State v. Lemoine
Decision Date | 13 June 1995 |
Docket Number | No. 14957,14957 |
Citation | 233 Conn. 502,659 A.2d 1194 |
Court | Connecticut Supreme Court |
Parties | STATE of Connecticut v. Kenneth LEMOINE, Jr. |
Marjorie Allen Dauster, Asst. State's Atty., with whom, on the brief, were Michael Dearington, State's Attorney, Maxine Wilesky, Asst. State's Atty., and Trisha Morris, Law Student Intern, for appellant (State).
Paul T. Edwards, Sp. Public Defender, for appellee (defendant).
Before PETERS, C.J., and CALLAHAN, BERDON, NORCOTT and KATZ, JJ.
The dispositive issue in this certified appeal is whether the trial court, in its jury instructions in a criminal trial, has a constitutional obligation to refer to the evidence relating to the crimes charged in the information. The defendant, Kenneth Lemoine, appealed to the Appellate Court from judgments of conviction, rendered after a jury trial, of sexual assault in the third degree in violation of General Statutes § 53a-72a(a)(1)(B), 1 risk of injury to a child in violation of General Statutes § 53-21, 2 and two counts of assault of a peace officer in violation of General Statutes (Rev. to 1991) § 53a-167c(a)(1). 3 The Appellate Court reversed the defendant's convictions and ordered a new trial. State v. Lemoine, 33 Conn.App. 743, 754, 641 A.2d 131 (1994). 4 The Appellate Court determined that the trial court's jury instructions had been constitutionally deficient because the court had failed sufficiently to relate the evidence elicited at trial to the various charges contained in the information, thereby denying the defendant his right to due process of law as guaranteed by the fourteenth amendment to the United States constitution and article first, § 8, of the Connecticut constitution. State v. Lemoine, supra, at 749-54, 641 A.2d 131. We granted the state's petition for certification to appeal. State v. Lemoine, 230 Conn. 909, 644 A.2d 920 (1994). 5 We reverse the judgment of the Appellate Court.
By way of background, the Appellate Court determined that the jury reasonably could have found the following facts. "On June 20, 1991, the victim, his mother, the defendant, Barbara Tirado and her daughter went to a lake. The victim was eight years old at the time. After staying at the lake, they drove to the home of the defendant's mother, then to the home of his sister and then to Tirado's home located on Maple Street in Meriden. The victim's father later joined the group and the adults all began drinking. The victim fell asleep on the couch in Tirado's home wearing his pants, shirt and underpants. The victim's father was asleep on a chair near the couch and the victim's mother was asleep in another room. The victim awoke to find the defendant placing his hands between the victim's legs on the outside of the victim's pants. The defendant was attempting to pull down the victim's pants. The defendant was behind the victim on the couch and the victim was facing away from the defendant. The defendant told him to be quiet. The victim took off his pants while the defendant continued to touch the outside of the underpants between the legs and then the defendant cut the victim's underpants. The victim was scared and ran to his mother's room and told her what had just occurred.
State v. Lemoine, supra, 33 Conn.App. at 744-47, 641 A.2d 131.
After considering the defendant's claim that the trial court had failed to make sufficient reference to the evidence in its jury instructions, the Appellate Court concluded that "a complete lack of facts in the jury charge creates a reasonable possibility, as a matter of law, that the jury was misled." Id., at 753-54, 641 A.2d 131. On appeal to this court, the state claims that the Appellate Court incorrectly concluded that reference to the evidence in the trial court's jury charge was constitutionally mandated.
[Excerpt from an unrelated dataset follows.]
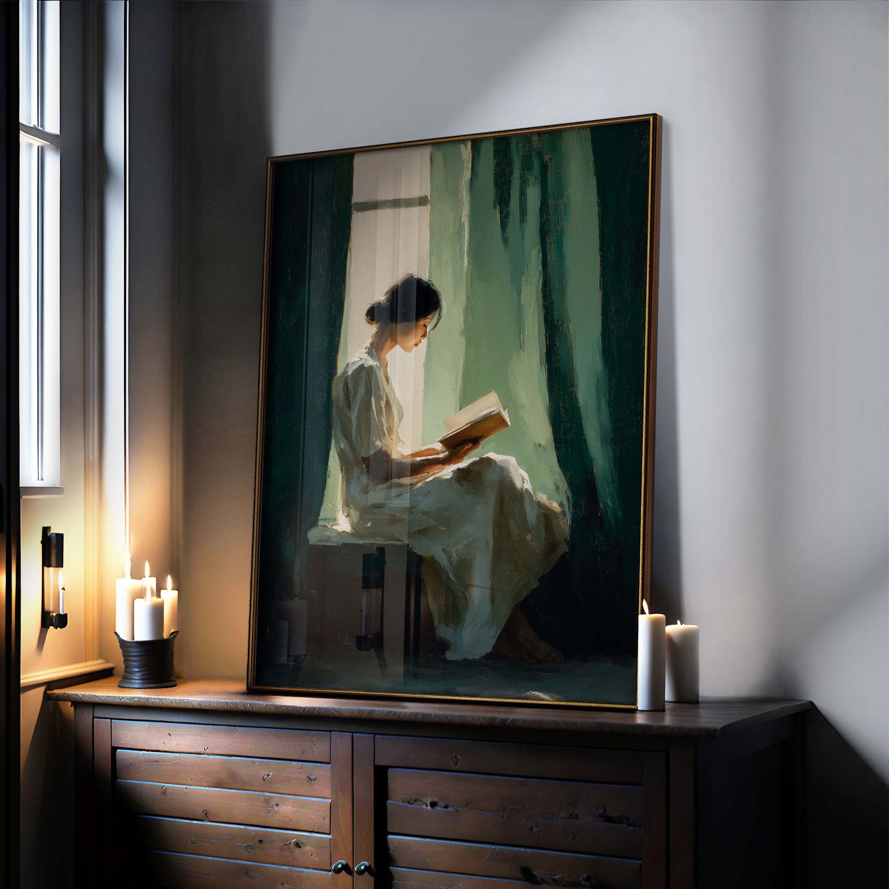 A tranquil composition featuring a young woman reading while nestled among green flowing curtains, soft sunlight and quiet focus - perfect for peaceful interiors.

The state argues that the Appellate Court's decision improperly created a per se rule that a jury charge given without a detailed reference to the evidence constitutes, as a matter of law, a constitutional due process violation and reversible error. See id.
(Internal quotation marks omitted.) State v. Campbell, 225 Conn. 650, 661, 626 A.2d 287 (1993). We will reverse a conviction only if, " 'in the context of the whole, there is a reasonable possibility that the jury was misled in reaching its verdict.' " State v. Scognamiglio, 202 Conn. 18, 28, 519 A.2d 607 (1987); State v. Shannon, 212 Conn. 387, 408, 563 A.2d 646, cert. denied, 493 U.S. 980, 110 S.Ct. 510, 107 L.Ed.2d 512 (1989); State v. Fleming, 198 Conn. 255, 268-69, 502 A.2d 886, cert. denied, 475 U.S. 1143, 106 S.Ct. 1797, 90 L.Ed.2d 342 (1986).